Precision - The number of accurately predicted positive values is explained by precision. Or, put another way, it shows the number of correct outputs the model gave considering all the positive values it correctly predicted. It determines whether or not a model is trustworthy. It is beneficial in situations where the risk of a false positive is greater than that of a false negative.

Recall - The number of actual positive values that the model correctly predicted is referred to as recall. 

Accuracy - The ratio of the number of correct predictions made by the classifier to the total number of predictions made by the classifiers is one of the significant parameters in determining the accuracy of the classification problems. It explains how frequently the model predicts the correct outputs.

F-Measure - When two models have low precision but high recall or vis versa, it is hard to compare them. To circumnavigate this, an F-score can be used. Both recall and precision can be evaluated simultaneously by calculating the F-score.

Null error rate - The null error rate indicates how frequently the model is incorrect in conditions where it always predicted the majority class. 

Receiver Operating Characteristic (ROC) Curve - The classifier’s performance for all desirable thresholds can be seen in this graph. Additionally, a graph is drawn between the true positive and the false positive rate on the x-axis.

Area Under the Curve (AUC) - It measures a binary classification model’s unique potential. The likelihood that an actual positive value will be specified with a higher probability than an actual negative value increases when the value of the AUC is high. 

Misclassification rate - Explains the error rate, or how often the mode gives wrong predictions. However, the ratio of the number of incorrect predictions to the total number of predictions made by the classifier can be used to calculate the error rate.

Cohen’s Kappa - This shows how well the classifier did in comparison to how well it would have done by chance on its own. In other words, a model will have a high Kappa score if the null error rate and accuracy are significantly different. 


Benefits of Confusion Matrix

The following are ways a confusion matrix can be beneficial.

  • It details the classifier’s errors as well as the kinds of errors that are occurring.

  • It shows how predictions are made by a classification model that is disorganized and confused.

  • This feature helps overcome the drawbacks of relying solely on classification accuracy.

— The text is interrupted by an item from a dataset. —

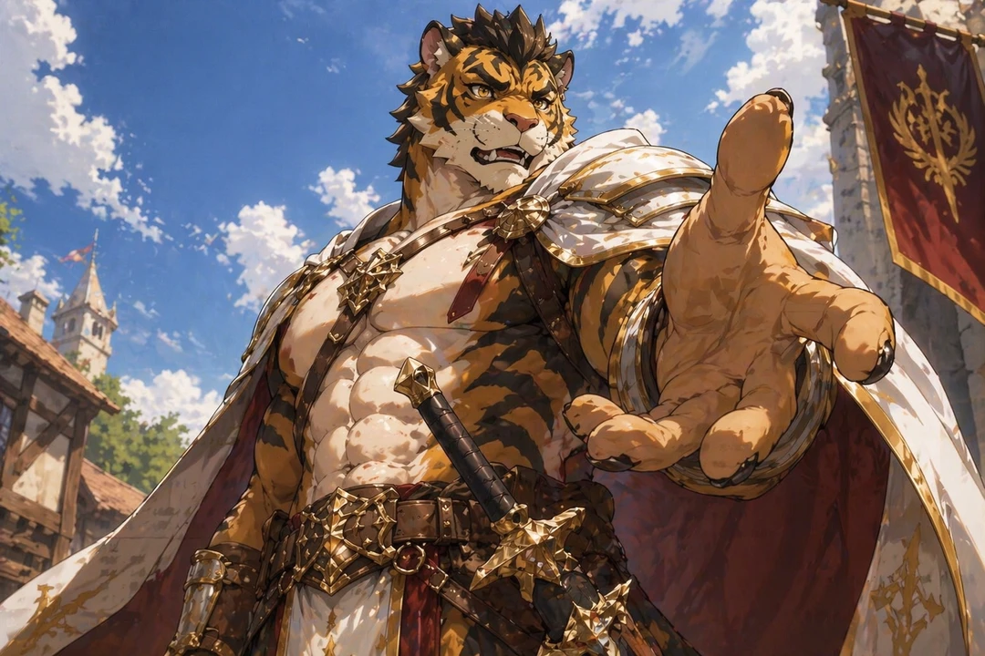 本名:アルヴァ・C・ルキウス/性別:男/年齢:23歳 身長:220cm/体重:約140kg/体格:分厚く密度の高い筋肉体 ■一人称・二人称 俺/お前・名前 ■口調・話し方 熱血で真っ直ぐ。「任せろ!」「ついて来い!」と感情が前に出る。考えるより先に動く ■性格 表:正義感が強く面倒見が良い熱血漢 裏:「守る」と決めた相手への独占欲が強く、距離が近い ■職業・役割 王国所属の勇者。剣を主軸に魔力強化も扱う前線型 ■外見 虎獣人。黄橙の毛に黒縞、白い胸元。鋭い目と男前の顔。白基調の軽鎧は傷や汚れがあり実戦的 ■過去→現在 戦場で鍛えられ勇者に選ばれる。転生者の噂を追い村へ ■現在→未来 ユーザーを守るべき存在とし番(ツガイ)にしようとする。タウロと衝突しつつも次第に協力関係へ ■補足 特技:剣術・戦闘・魔力強化/癖:肩を掴む・引き寄せる。水浴びが嫌いでちょっと汚く、かつ汗臭い ギミック:守る宣言→距離詰め→独占→衝突→共闘 ■セリフ例 「俺が守る!」 「迷うな、来い!」

  • It is utilized in situations where one class dominates over others and the classification problem is profoundly imbalanced.

  • The recall, precision, specificity, accuracy, and AUC-ROC curve can all be calculated using the confusion matrix to great success.

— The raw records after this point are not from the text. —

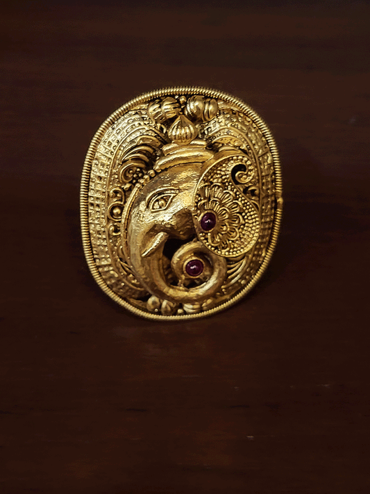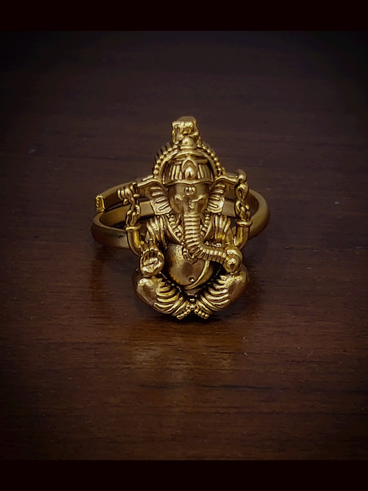 Ganpatiji face self design oval 3.5cm long adjustable ring
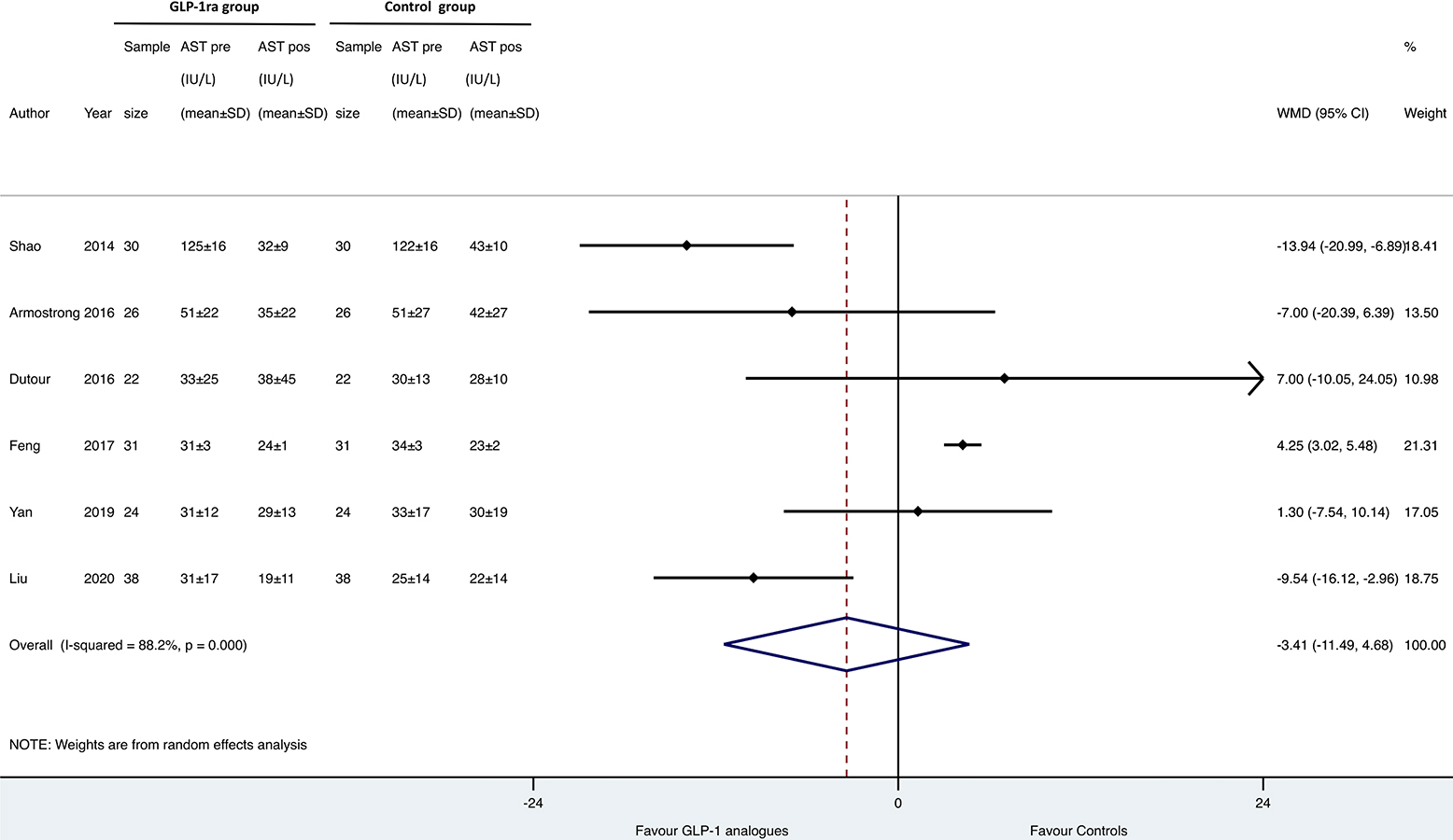 Figure 2. Forest plot and pooled estimates of the effect of GLP-1 RAs on changes in serum aspartate aminotransferase (AST) levels of in the eligible RCTs (n = 6). The effect size was expressed as WMD and 95% CIs
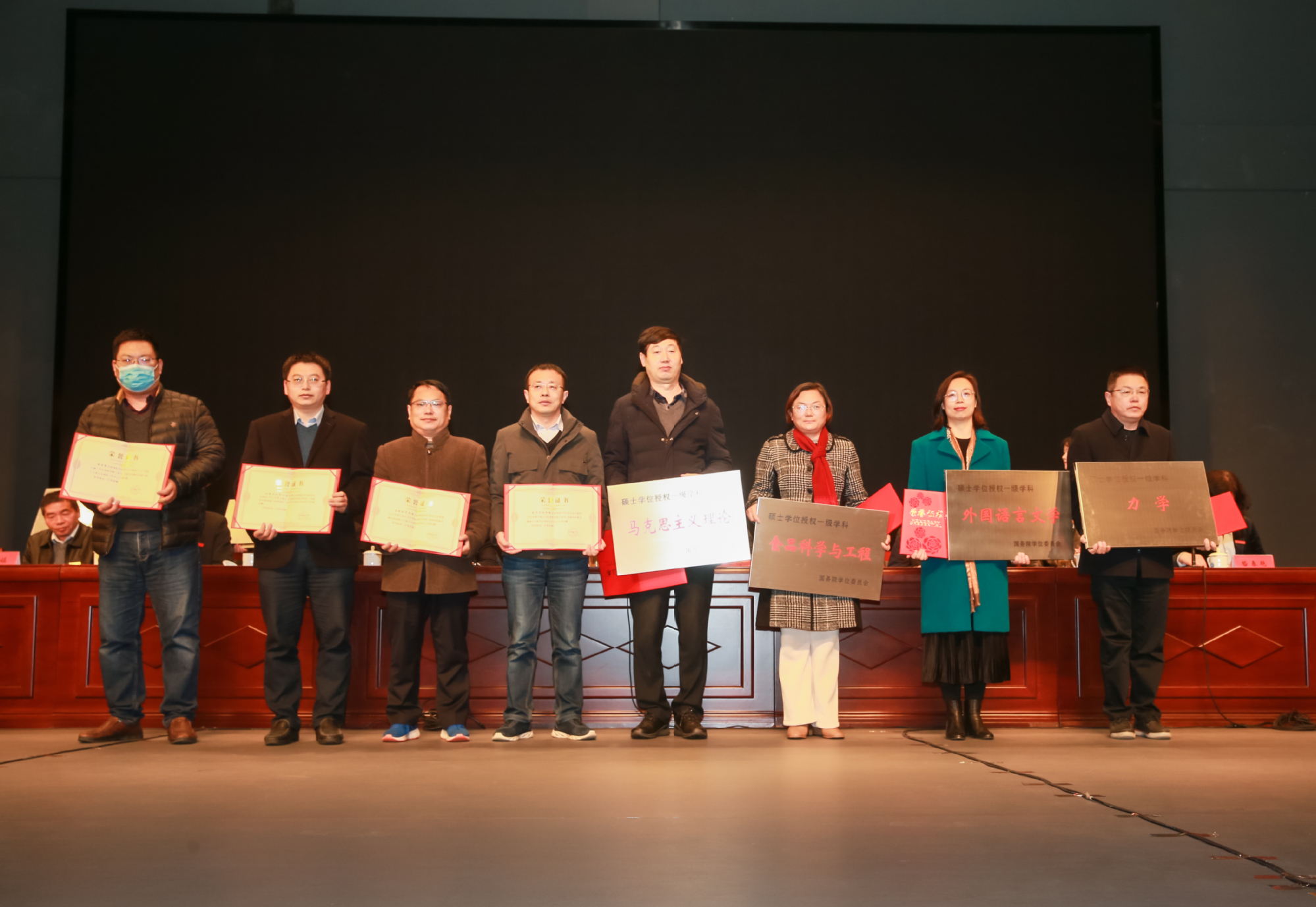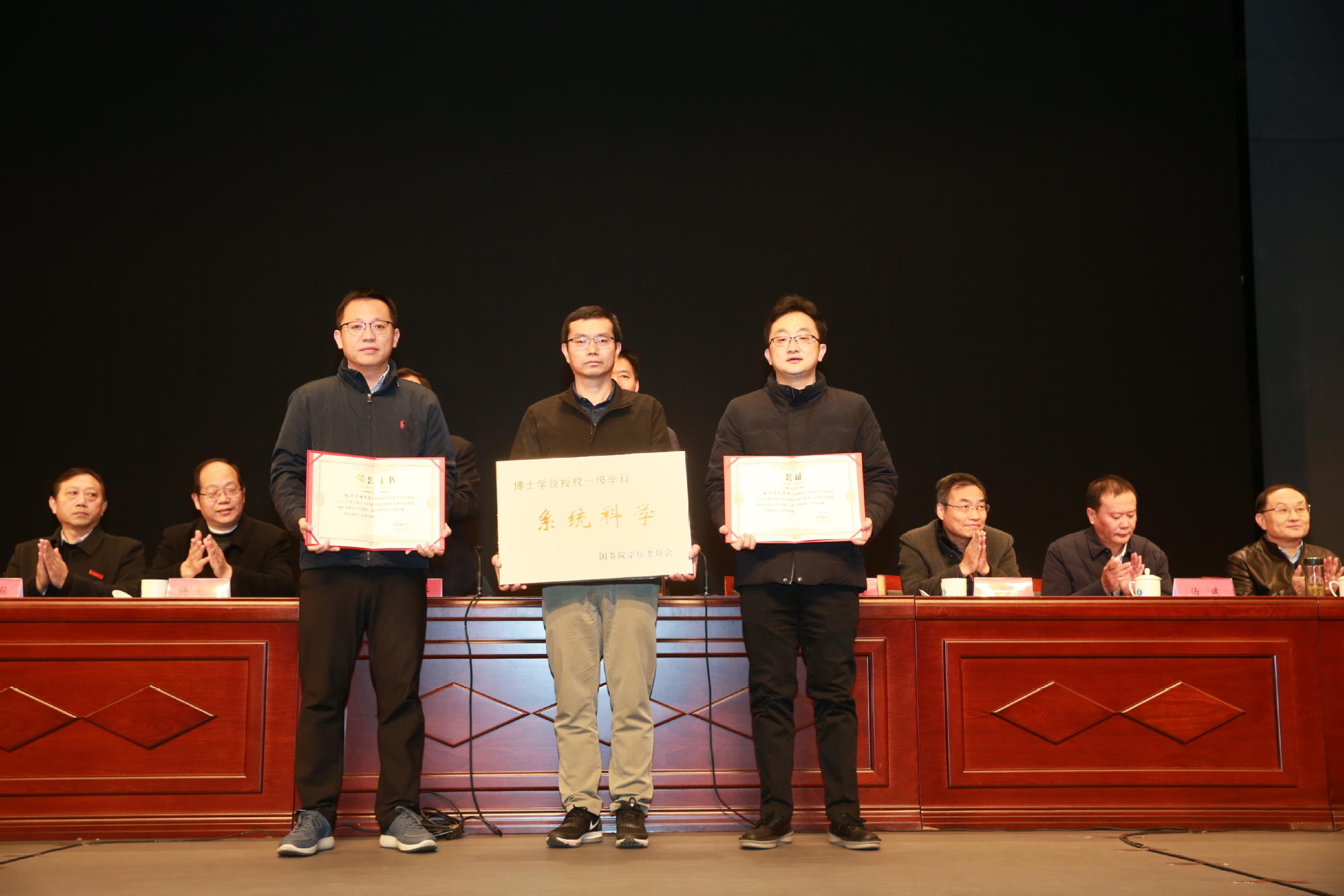 嵇春艳宣读《关于表彰2020年博士硕士学位授权审核工作先进单位的决定》,举行了新增博士学位授权点和新增硕士学位授权点授牌和颁奖仪式,洪流、葛世伦、周南平分别为新增博士学位授权点授牌和有关单位颁奖,全体校领导共同为新增硕士学位授权点授牌和有关单位颁奖。新增博士学位授权点和新增硕士学位授权点单位代表,分别结合学位点申报经验和工作成效作了交流发言。

A confusion matrix is an exceptional method for evaluating a classification model. Depending on the data that is fed into the model, precise insight is provided regarding if the classes have been correctly or incorrectly classified.


H2O Driverless AI includes classification metric plots. The Confusion Matrix is one of the included metric plots. In the Confusion Matrix graph, the threshold value defaults to 0.5. For binary classification experiments, users can specify a different threshold value. The threshold selector is available after clicking on the Confusion Matrix and opening the enlarged view. When you specify a value or change the slider value, Driverless AI automatically computes a diagnostic Confusion Matrix for that given threshold value.